Em geral, a segurança é mais um processo do que um resultado. A qualidade desse processo é determinada não pelas manchetes de destaque na mídia, mas, no caso do seu computador pessoal, por pelo menos atualizações regulares de software. Os problemas podem estar em qualquer lugar, e o fato de a vulnerabilidade do VLC ser falsa não elimina a necessidade de atualizar constantemente os programas. Mesmo aqueles que parecem funcionar assim e não são percebidos como perigosos. Isso inclui, por exemplo, o arquivador WinRAR, no qual uma
vulnerabilidade crítica muito antiga
foi encontrada há alguns meses atrás. Desabilitar os lembretes de atualização do VLC também não vale a pena, embora muitos o façam. Um estudo relativamente recente da Avast em janeiro deste ano
mostrou que apenas 6% dos usuários tinham a versão atual do VLC instalada naquele momento.

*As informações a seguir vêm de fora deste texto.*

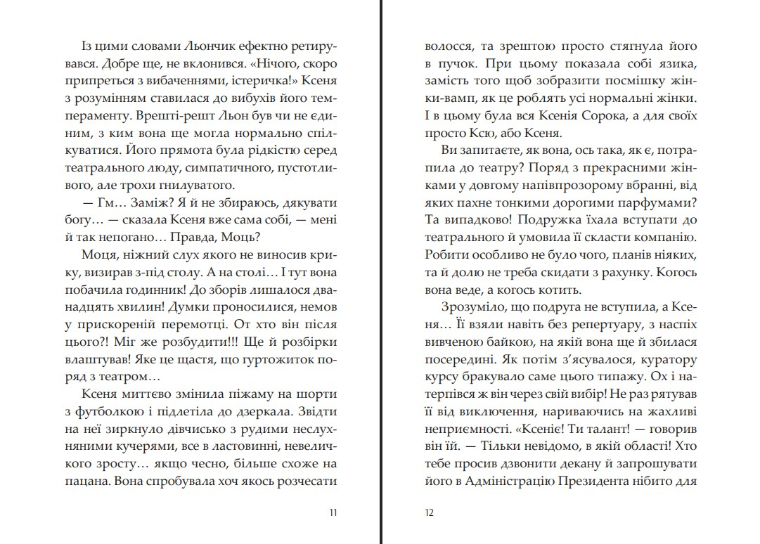 У першій книзі серії «Пригоди Ксені Сороки» молода акторка Ксеня працює у маленькому провінційному театрі, і, здавалося, ніщо не зможе розбурхати її розмірене, не багате на події життя. Але якось дівчину втягують у безглуздий розіграш, що призводить до цілої низки дивних і драматичних подій. Шукаючи вихід зі скрутної ситуації, наївна Ксеня зіштовхується із шокуючими і небезпечними сторонами світу за лаштунками.

Os desenvolvedores de VLC, em princípio, não gostam da prática quando qualquer vulnerabilidade com a execução de código arbitrário recebe a classificação máxima de perigo. Na maioria dos casos, a operação real de tal falha é difícil: é necessário que a vítima envie o arquivo necessário (ou um link para o vídeo em streaming) e force a abertura, causando não apenas a falha do programa, mas também a execução do código, e mesmo os privilégios necessários, que não são o fato de que pode obter. Esta é uma versão teórica interessante de um ataque direcionado, mas até agora improvável.
Isenção de responsabilidade: as opiniões expressas neste resumo podem não coincidir com a posição oficial da Kaspersky Lab. Caros editores, geralmente recomendam tratar qualquer opinião com ceticismo saudável.